3) The single-origin African Dust Hypothesis predicts that isolates will have reduced genetic diversity and allelic richness, with evidence of a recent bottleneck in coral disease-causing isolates. This hypothesis also predicts that isolates will be most closely related to terrestrial isolates from Africa.
4) The multiple origins African Dust Hypothesis predicts no evidence of a recent bottleneck, with disease-causing isolates being most closely related to terrestrial isolates from Africa.
Their results essentially refute all four hypotheses and reveal a pattern of global panmixia and multiple origins, suggesting that a single source of Aspergillus sydowii into reefs is unlikely. The results illustrate the opportunistic nature of the fungal pathogen and suggest that a diversity of isolates can cause aspergillosis.
Despite coming from very different geographic locations (Japan to North America to Europe) and different sources (diseased corals, diseased humans, dried fish), we found that all strains form a single well-connected global population. – lead author Dr. Krystal Rypien, currently a post doc at Scripps Institution of Oceanography
Dr. Rypien added; This has important implications for the management of disease, as it means that any isolate of this fungus has the potential to cause disease in coral, and that we are not dealing with a specialized group of pathogens. Interestingly, this is similar to a close relative, Aspergillus fumigatus, a common fungal pathogen of immune compromised humans. Given the global distribution of A. sydowii, and evidence for multiple introductions into marine systems, it seems that this pathogen has always been present in marine systems, and changes in environmental conditions and host immune status are likely to be more important in driving patterns of disease outbreak.
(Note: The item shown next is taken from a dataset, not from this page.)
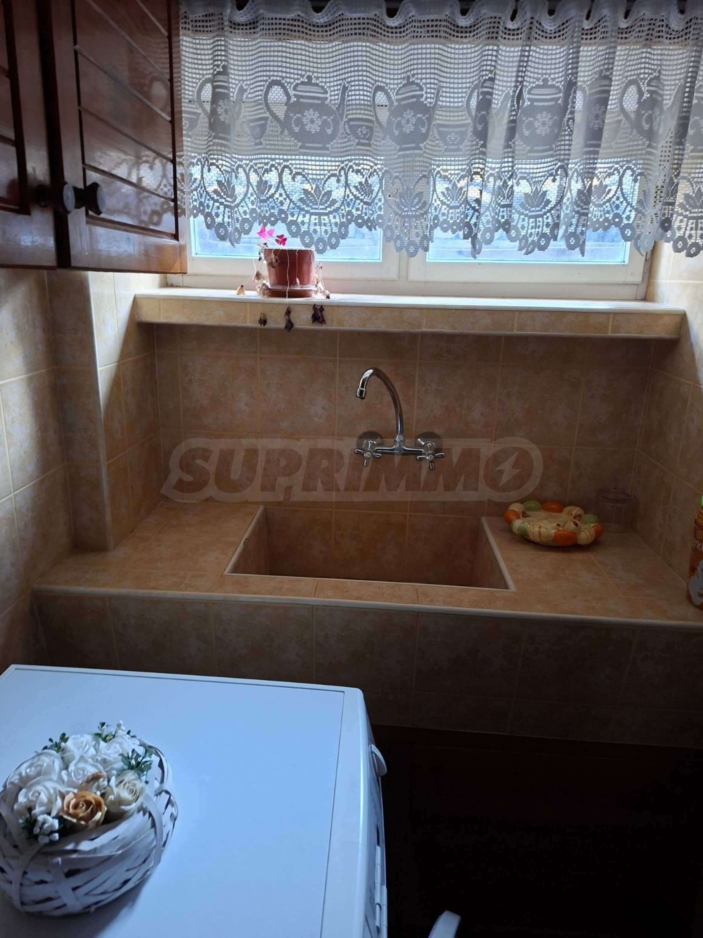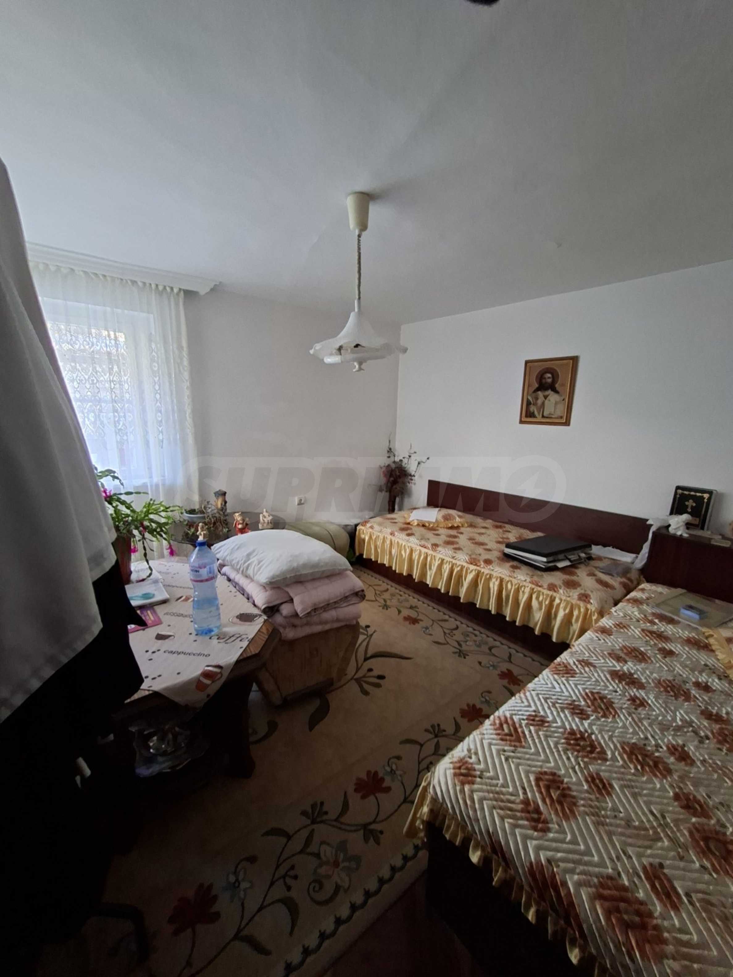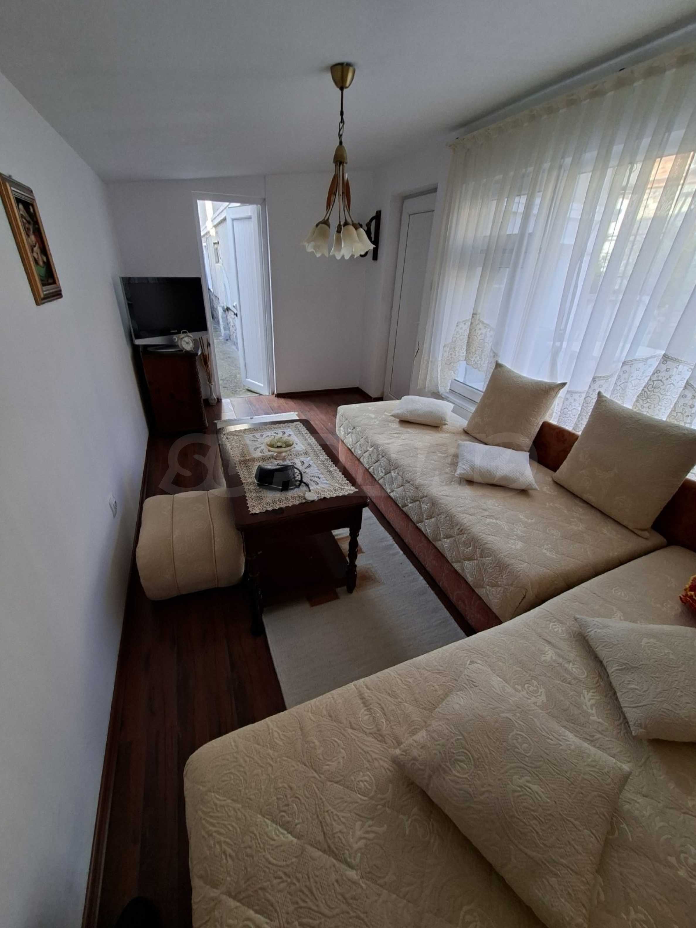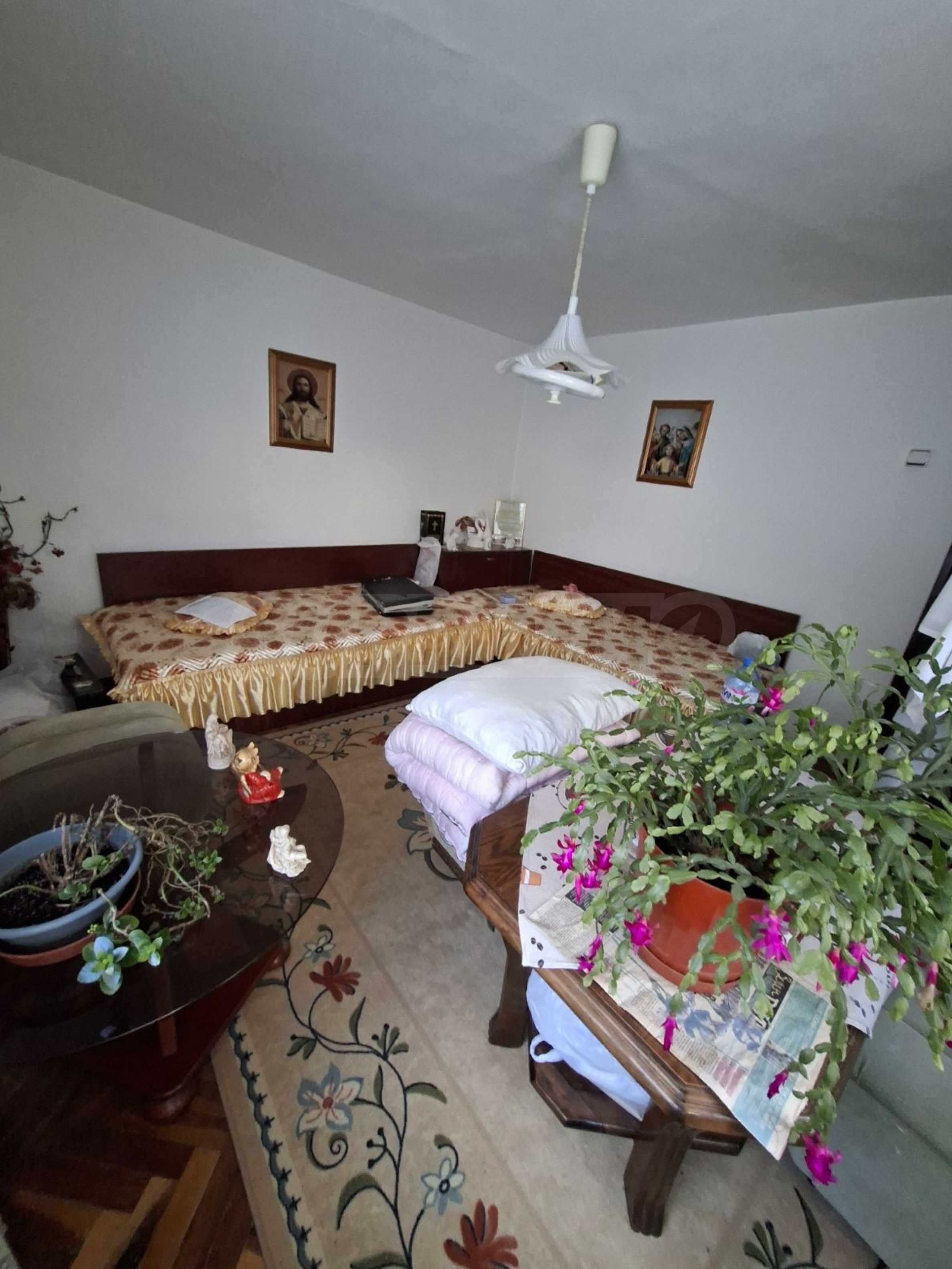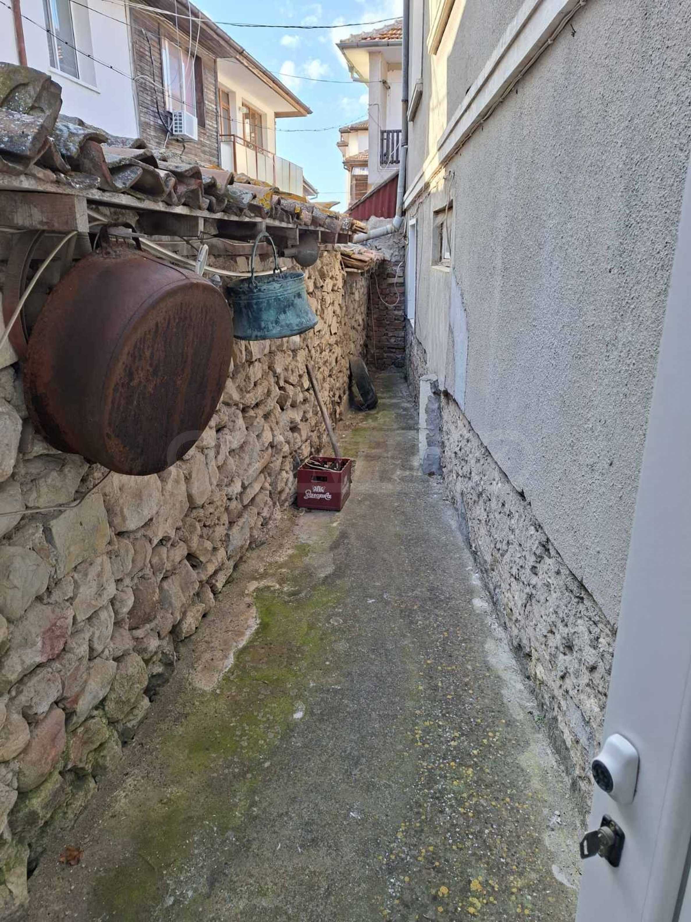 Имотът е с РЗП 160 кв.м, разположен върху парцел от 240 кв.м, поддържан и приятен двор, с външна чешма, кът за отдих и допълнителна пристройка с лятна кухня и една стая.

The second study (Rypien 2008) tested the widely-believed hypothesis that African dust plays a role in coral epizootics in general and sea fan aspergillosis in particular. Each year hundreds of millions of tons of dust is transported from the Sahara desert to the Caribbean. There are indications that the volume of dust has increased as the Sahara expands and atmospheric conditions and wind patterns change. The idea is that African dust can cause or exacerbate coral epizootics by depositing nutrients and trace elements that benefit pathogens or by transporting pathogens from terrestrial African habitats to Caribbean coral reefs. Past studies have indeed found Aspergillus spp. in dust samples collected from the Caribbean, but none have identified the fungi to species, which turns out to be a critical shortcoming.
Dr. Rypien collected dust samples from the Caribbean and Africa, isolated Aspergillus, and identified the isolates to species using standard colony-level and microscopic morphological characteristics. Despite yielding seven different species of Aspergillus and related taxa, there was no A. sydowii in airborne dust samples from Africa and the Caribbean or in sediment samples from Africa and the Cape Verde Islands.
The lack of A. sydowii in airborne dust and sediment samples suggests that African dust is an unlikely source of the marine pathogen A. sydowii. Given the high richness of fungi observed, even under selective growth conditions, identification of potential pathogens to the species level is critical.
The study doesn’t entirely refute African dust as a source of Aspergillus sydowii – it is nearly impossible to prove the absence of something – but it does cast doubt on much-heralded theory.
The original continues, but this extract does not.